# Working above the track.



## Tycoarm (Jan 7, 2006)

As I was installling a couple of light fixures today for my wife I realized I already have a great tool for working above my track. 









Now I can get to those center areas of the track.

I was going to make one out of 2X4's and plywood but this works great.


----------



## Bill Hall (Jan 6, 2007)

Dind ding ding....

Probably should post this in the "Tips" stickee thread.

Excellent!


----------



## AfxToo (Aug 29, 2003)

One can never have too many ladders. Or clamps.


----------



## brownie374 (Nov 21, 2007)

Hell with the ladder,I LIKE THE TRACK!


----------



## T-jetjim (Sep 12, 2005)

Once again, Tycoarm has a simple solution. Damn.
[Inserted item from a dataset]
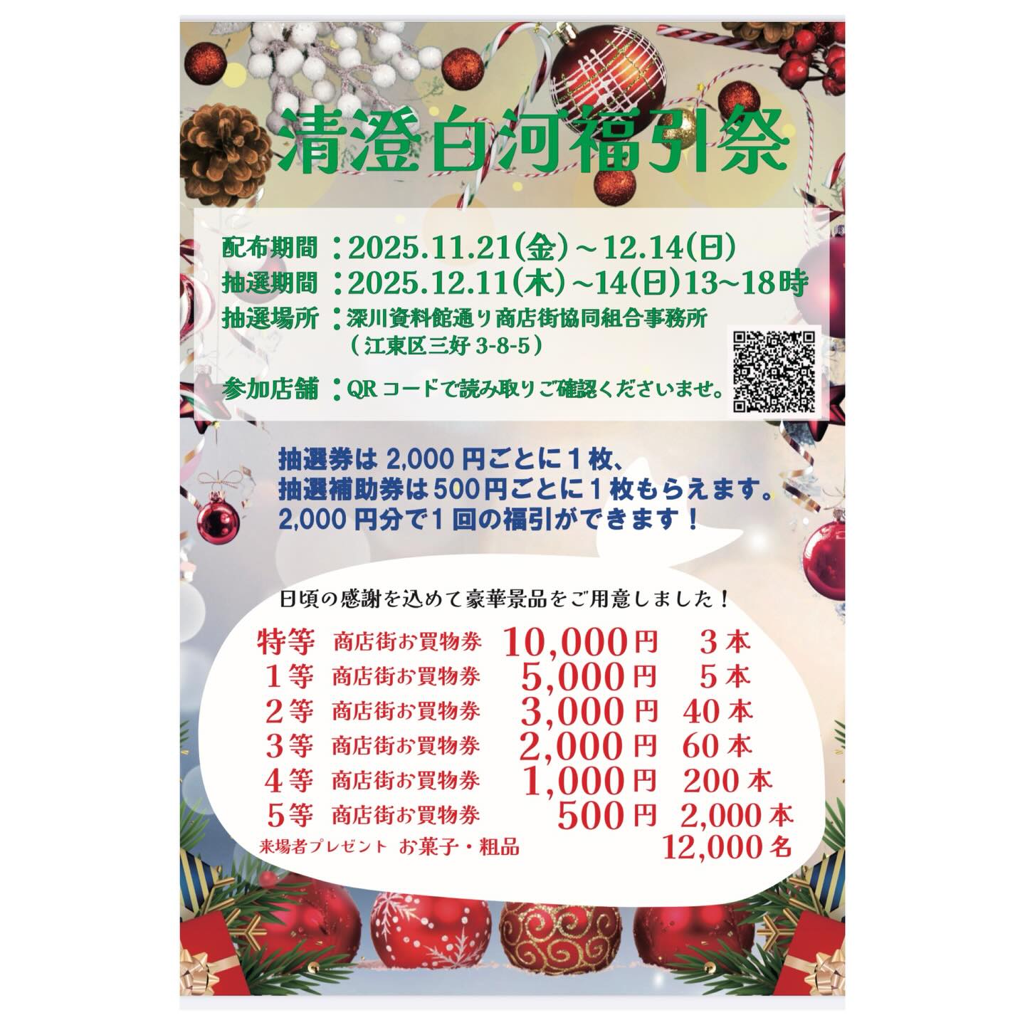 清澄白河深川資料館通り商店街主催、清澄白河福引祭、明日11月21日(金)〜12月14日(日)まで、2,000円で福引抽選券、500円で補助券を画像記載店舗にて配布しております!12月11日(木)〜14..

I have put removable sections in my track so I can get up to landscape or repair the old L&J track. Even with the sections removed, being fifty and straddling a section of track crouched down to apply sculptamold is tough work. I am good for ten minute intervals tops. No wonder the middle is the last part to be landscaped for me! I'll half to break out the Gorilla ladder.
Jim


----------



## slotcarman12078 (Oct 3, 2008)

I'd ice the middle of the cake first!!! This way it's semi crawl-on-able..


----------